In the material below, write out each line word for word and omit the pictures.

→ **Collected data**:
# # #

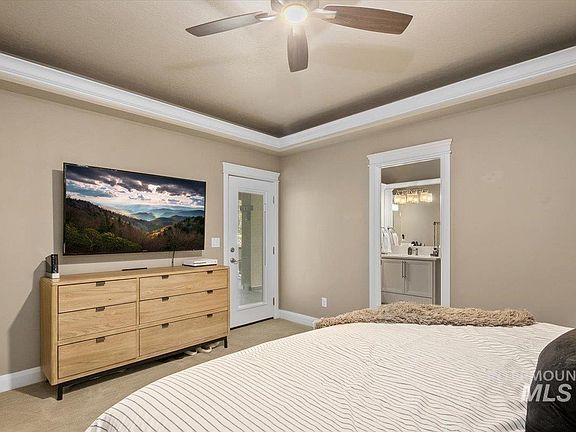 Beautiful split bedroom floor plan with elegant coffered ceilings and upgrades throughout. Smart locks, nest doorbell and upgraded media panel for your technology needs. Wonderful covered patio with roll down shades for privacy. Garage is a must see with epoxy flooring, 44' RV bay, ceiling mounted storage racks and is wired for a 220 EV charger and a separate 220v plug for your RV. Conveniently located next to shopping, grocery and dining. Bridgetower West boasts a community park, swimming pool and natural beauty throughout.
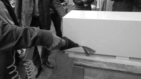 To assess the quality of the enamel and the substructure, pendulum impact tests according to CWCT TN75 were conducted. The test object was struck by a sandbag with a defined falling height and inspected for damage. Subsequently, the surface was examined for damage using a voltmeter. This allowed us to assure our customer of a flawless implementation. Incidentally, this procedure is also used in the construction of containers for food, where an intact surface is essential.
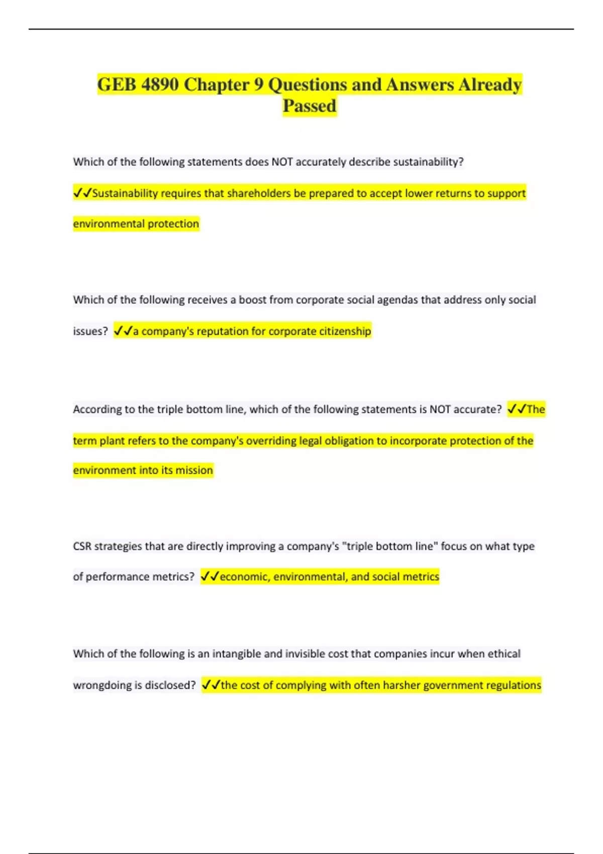 GEB 4890 Chapter 9 Questions and Answers Already Passed Which of the following statements does NOT accurately describe sustainability? Sustainability requires that shareholders be prepared to accept lower returns to support environmental protection Which of the following receives a boost from corporate social agendas that address only social issues? a company's reputation for corporate citizenship According to the triple bottom line, which of the following statements is NOT accurate? The term plant refers to the company's overriding legal obligation to incorporate protection of the environment into its mission CSR strategies that are directly improving a company's "triple bottom line" focus on what type of performance metrics? economic, environmental, and social metrics Which of the following is an intangible and invisible cost that companies incur when ethical wrongdoing is disclosed? the cost of complying with often harsher government regulations

# # #

→ **Solved problem**:
 Beautiful split bedroom floor plan with elegant coffered ceilings and upgrades throughout. Smart locks, nest doorbell and upgraded media panel for your technology needs. Wonderful covered patio with roll down shades for privacy. Garage is a must see with epoxy flooring, 44' RV bay, ceiling mounted storage racks and is wired for a 220 EV charger and a separate 220v plug for your RV. Conveniently located next to shopping, grocery and dining. Bridgetower West boasts a community park, swimming pool and natural beauty throughout.
 To assess the quality of the enamel and the substructure, pendulum impact tests according to CWCT TN75 were conducted. The test object was struck by a sandbag with a defined falling height and inspected for damage. Subsequently, the surface was examined for damage using a voltmeter. This allowed us to assure our customer of a flawless implementation. Incidentally, this procedure is also used in the construction of containers for food, where an intact surface is essential.
 GEB 4890 Chapter 9 Questions and Answers Already Passed Which of the following statements does NOT accurately describe sustainability? Sustainability requires that shareholders be prepared to accept lower returns to support environmental protection Which of the following receives a boost from corporate social agendas that address only social issues? a company's reputation for corporate citizenship According to the triple bottom line, which of the following statements is NOT accurate? The term plant refers to the company's overriding legal obligation to incorporate protection of the environment into its mission CSR strategies that are directly improving a company's "triple bottom line" focus on what type of performance metrics? economic, environmental, and social metrics Which of the following is an intangible and invisible cost that companies incur when ethical wrongdoing is disclosed? the cost of complying with often harsher government regulations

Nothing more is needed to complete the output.